╭─ Collected material
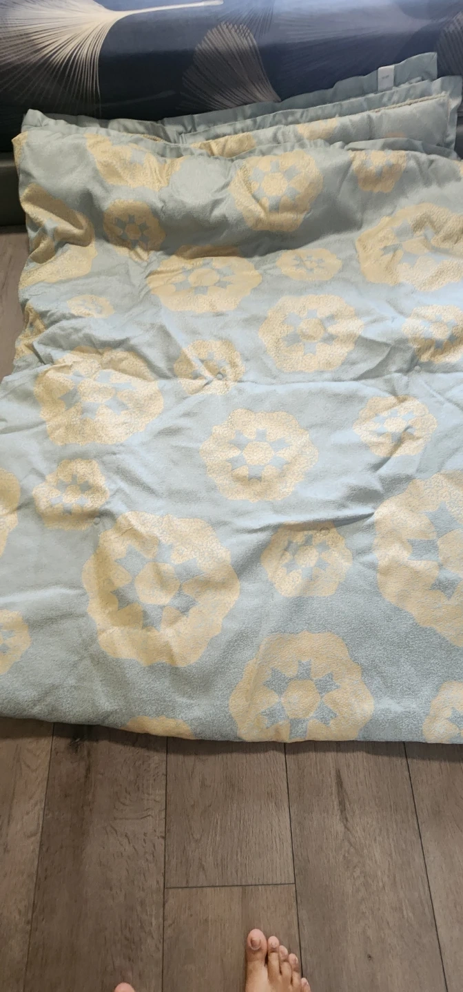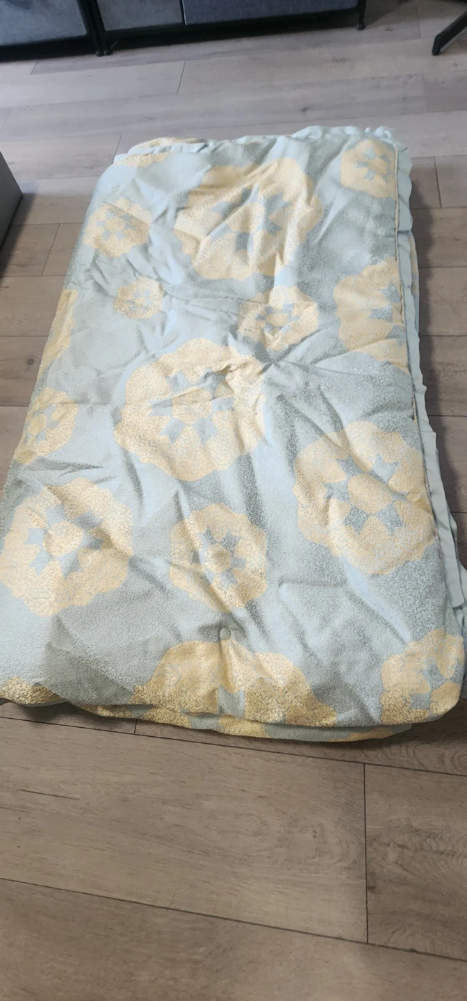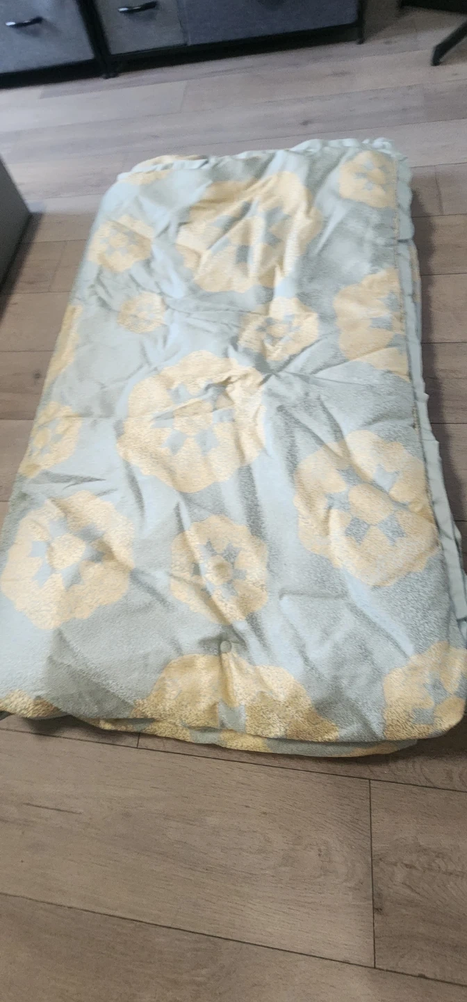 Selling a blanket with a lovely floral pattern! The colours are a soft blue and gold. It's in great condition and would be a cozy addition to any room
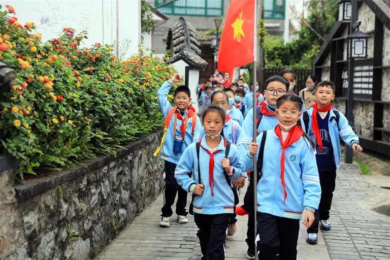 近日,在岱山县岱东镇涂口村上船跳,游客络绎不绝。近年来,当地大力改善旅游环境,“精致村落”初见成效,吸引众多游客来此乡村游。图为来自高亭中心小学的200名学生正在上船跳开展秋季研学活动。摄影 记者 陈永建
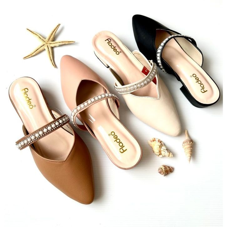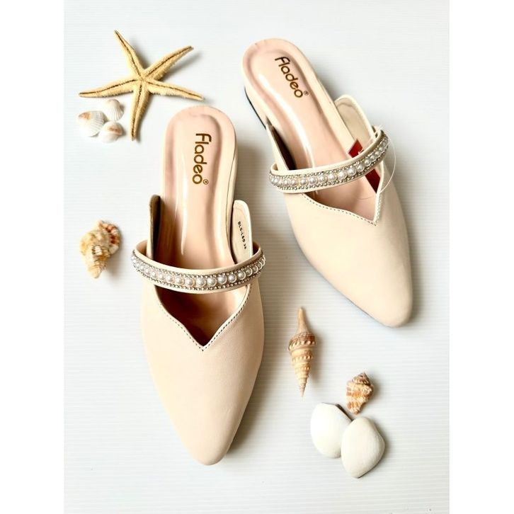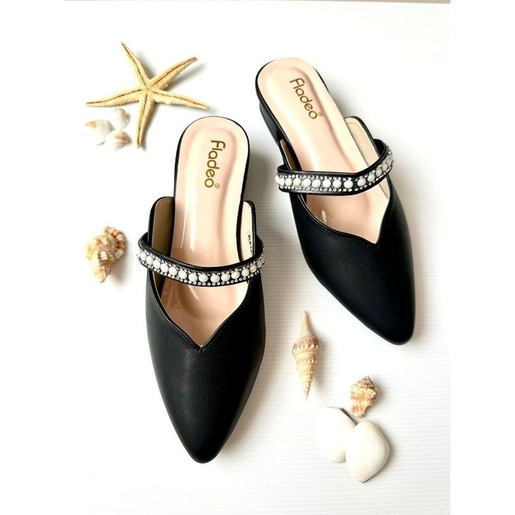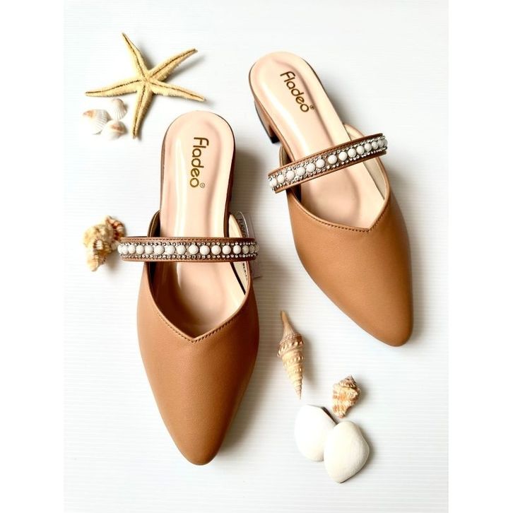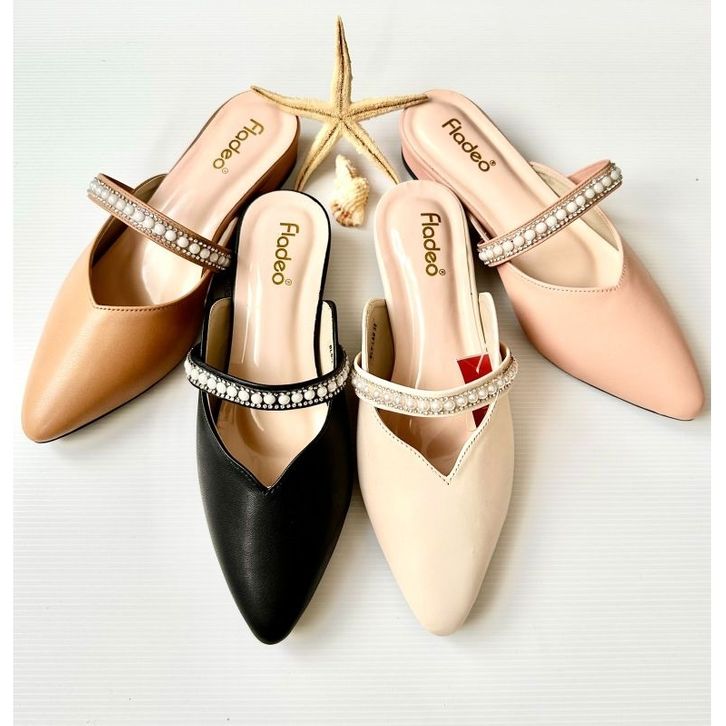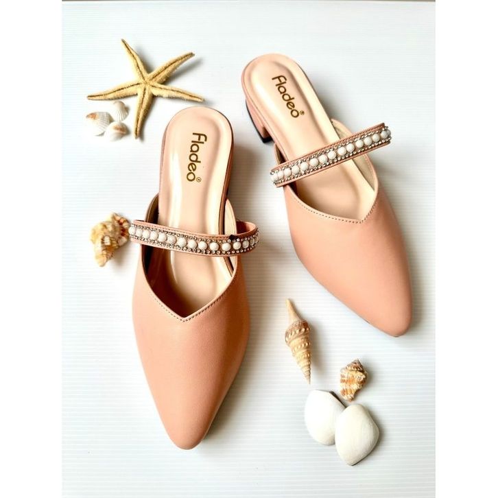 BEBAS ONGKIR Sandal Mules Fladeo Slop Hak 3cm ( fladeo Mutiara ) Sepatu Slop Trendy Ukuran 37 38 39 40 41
╰─
__Assigned task__
Retype the listing verbatim, minus every image.

__Task result__
 Selling a blanket with a lovely floral pattern! The colours are a soft blue and gold. It's in great condition and would be a cozy addition to any room
 近日,在岱山县岱东镇涂口村上船跳,游客络绎不绝。近年来,当地大力改善旅游环境,“精致村落”初见成效,吸引众多游客来此乡村游。图为来自高亭中心小学的200名学生正在上船跳开展秋季研学活动。摄影 记者 陈永建
 BEBAS ONGKIR Sandal Mules Fladeo Slop Hak 3cm ( fladeo Mutiara ) Sepatu Slop Trendy Ukuran 37 38 39 40 41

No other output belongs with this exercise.